In his address during the consultation, which was his first formal public meet after taking charge as minister of state (telecommunications) for communications and IT, Milind Deora said the government’s move on pushing through legislation of electronic delivery of services is laudable. Later he assured, “The feedback submitted today will be looked into very seriously”, recalling the rephrasing of ‘roti kapda makan’ (food, clothes and shelter) as the basic necessity for humans to which is now called as ‘roti kapda makan aur internet’ (food, clothes, shelter and internet).
Sachin Pilot, minister of state (IT and post) for communication and IT said, “We won’t just sit satisfied with passing of the bill we will do everything which is possible to push forward the digital agenda.”
R Chandrashekhar, secretary, department of IT, government of India said the interface with the government has not been a pleasant experience for the common man. He said the national e-governance plan (NeGP) was formulated with a vision to deliver services to citizens in their proximity and would cover any department, which offer services to the citizens. It has led to creation of ICT infrastructure across the country and it has created awareness among all the states about the focus on e-governance, which cannot be belittled, he averred.
However, he conceded, even in best of states it is still a long way to cover in terms of ensuring substantial electronic delivery of services. The secretary pointed that the government of India has been generous in its spending on e-governance. “Demand from people to pay for services is already there and to make the environment more conducive, we are coming up with legislation, so that it makes it mandatory for the government agencies to deliver services electronically,” Chandrashekhar said.
Shankar Aggarwal, additional secretary, DIT opined that through this bill government intent to deliver good quality of services in education, health, financial inclusion and e-enable service delivery.

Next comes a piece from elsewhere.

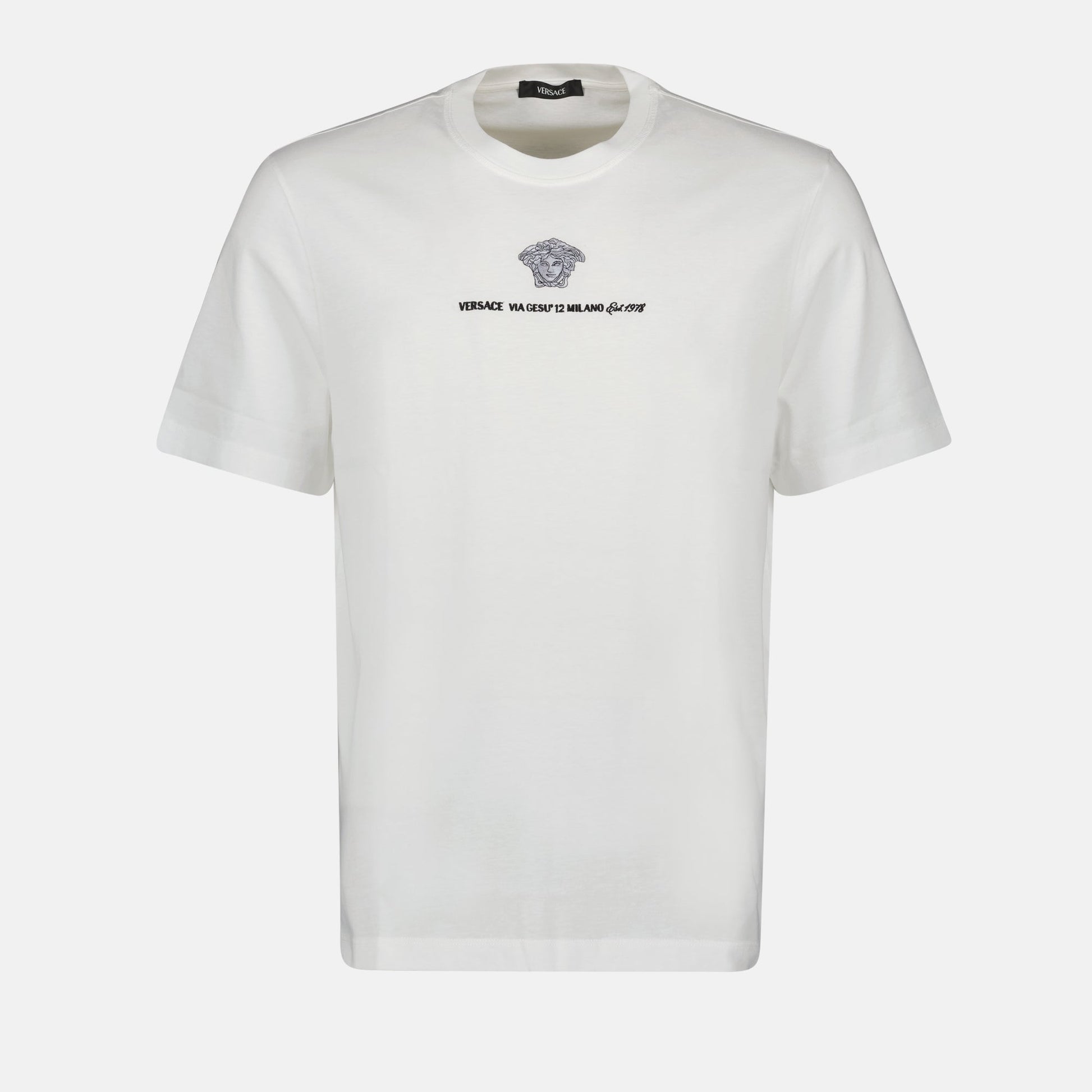 Via Gesu T-shirt from the Versace Fall-Winter 2024 collection for Men. Made from cotton. Item color: white. Round neck and short sleeves. This item is available in several variations.

Giving his presentation on a similar legislation passed on in the state of Madhya Pradesh, Anurag Shrivastava from the state Department of IT said, “A lot of emphasis was put on stipulated time period within which a service has to be delivered or a case has to be disposed by the first appellate.”
“We have covered nine departments and 26 services including energy and food and civil supplies. We will start electronic monitoring by August, 2011. Penalty to the designated officer and the first appellate is between Rs 500 to Rs 5000,” Shrivastava added.
Providing some figures on the working of legislation, Shrivastava said, “The legislation was approved on September 23, 2011. Till now we have received 52 lakh applications and just 7000 are pending.”
Rajendra Kumar, secretary, IT, government of NCT of Delhi elaborated on monitoring on e-SLA. It is national informatics centre (NIC) created application which generates management information system (MIS) reports. It covered services delivered from government agencies including Delhi Police and Municipal Corporation of Delhi (MCD).
Rajesh Aggarwal, IT secretary, Maharashtra said data preservation rules were an essential part of the state legislation on right to e-governance / electronic service delivery. As penalty, the responsible official was fined Rs 250 per day.
Deepak Kumar, principal secretary, general administration department, Bihar articulated Bihar’s experience of implementing right to delivery of public services. “The law passed unanimously on April 29, 2010. The law has to be implemented in three phases…phase one – electronification of manual paper application and manual delivery of service; phase two- online application submission at e-Kiosks; and phase three online form submission and online service delivery.”
“WE have placed IT manager at district centre and IT assistant at block level. Very soon will be launching ‘may I help you’ booths and ‘Jigyasa’ call centre and IVRS calls too,” he added. Besides, state has launched ‘tatkal’ services, wherein an applicant can apply for a quick service by paying a little more.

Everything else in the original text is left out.